Best practices for embedded HSMs

  • Keep depth at 3–5 levels. Beyond that, factor a subtree into its own active object.
  • Parents own the generic, children own the specific. Power, fault, comms supervision belong in parents; RX/TX/calibration specifics belong in leaves.
  • Use entry/exit actions to enforce hardware invariants. “PA on” in Transmit entry and “PA off” in its exit guarantees the amplifier is never energized outside Transmit.
  • Store the hierarchy as const records in flash. One pointer of RAM per machine; everything else read-only.
  • Initiate-and-return in every handler. Never block; never run a long operation inline.
  • One machine per subsystem; communicate by events. This replaces orthogonal regions and scales to multicore.
  • Express internal vs. external transitions deliberately. HANDLED() for internal, TRAN(self) for external self-transitions.
  • Null-check optional handlers in the engine, so leaf states can omit them and the table stays MISRA-clean.
  • Test the behavior on the host. Mock the HAL, drive event sequences, assert on state and action traces in CI.

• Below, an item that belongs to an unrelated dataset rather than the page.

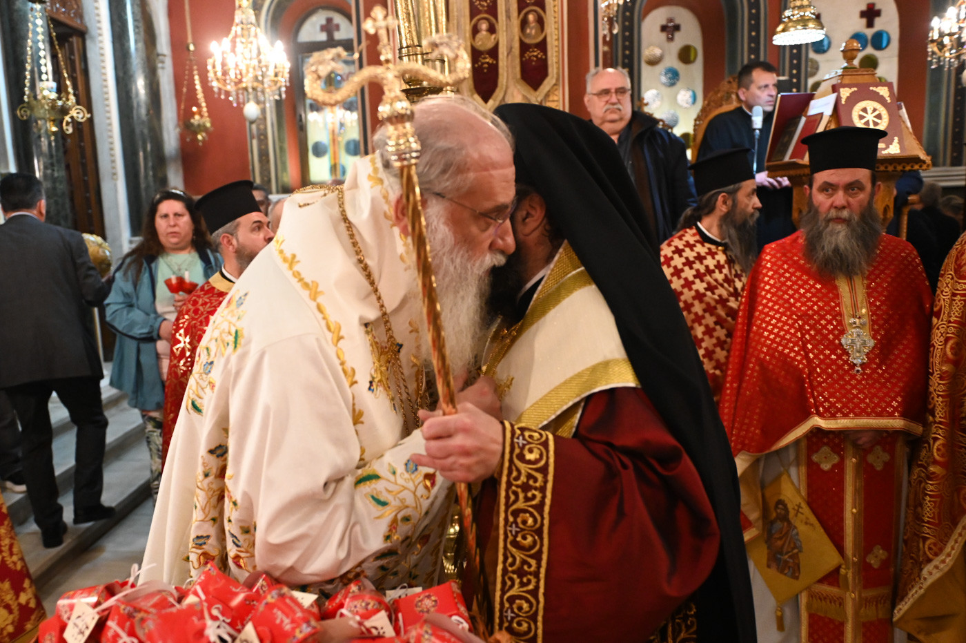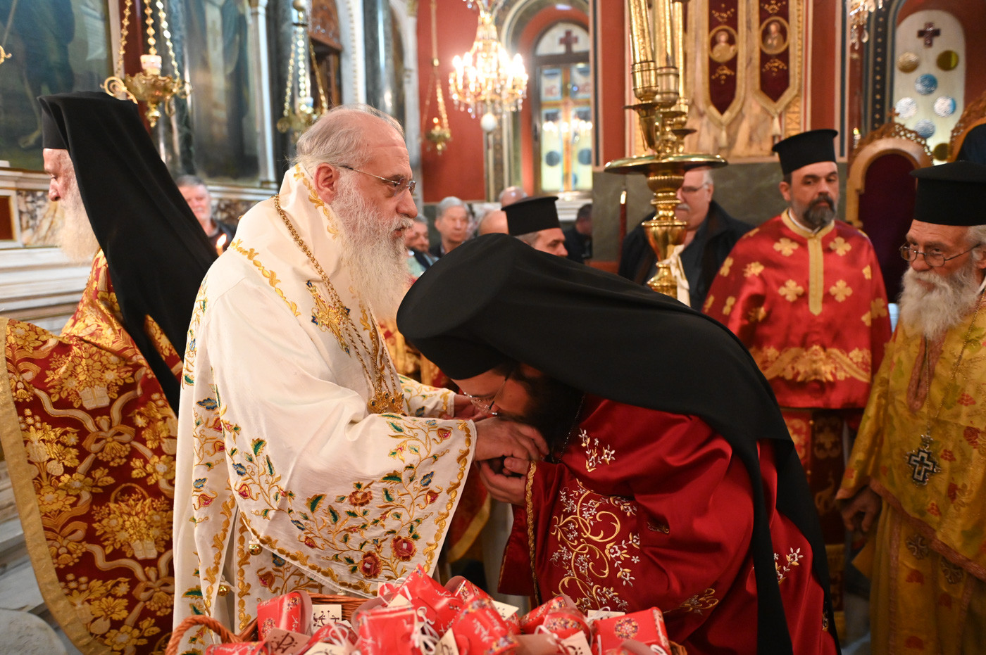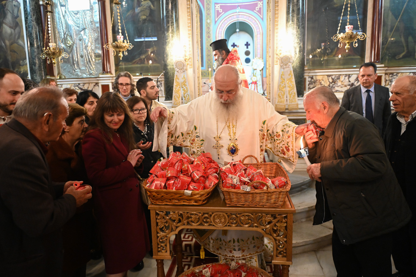 Με το πέρας του Εσπερινού ο Μητροπολίτης διένειμε σε Ιερείς, άρχοντες και πιστούς κόκκινα αυγά αναφωνώντας τον Αναστάσιμο χαιρετισμό “Χριστός Ανέστη”

Where HSMs are used in industry

Hierarchical state machines are the default behavioral architecture wherever firmware is reactive, modal, and safety-relevant: telecom base stations and remote radio units (RRUs), 5G beamforming controllers, RF power amplifiers and frequency synthesizers, SATCOM modems, automotive ECUs (body control, ADAS, powertrain), medical devices, industrial automation controllers, and aerospace/avionics flight software.

The reason is always the same: HSMs turn the multiplicative complexity of modal firmware into additive complexity, push safety policy into one auditable place, and produce behavior you can actually test off-target. In C specifically, the function-pointer flyweight gives you all of that with a footprint of a single pointer in RAM and a hierarchy that lives entirely in flash — exactly the determinism and discipline a radio, and a certification auditor, demand.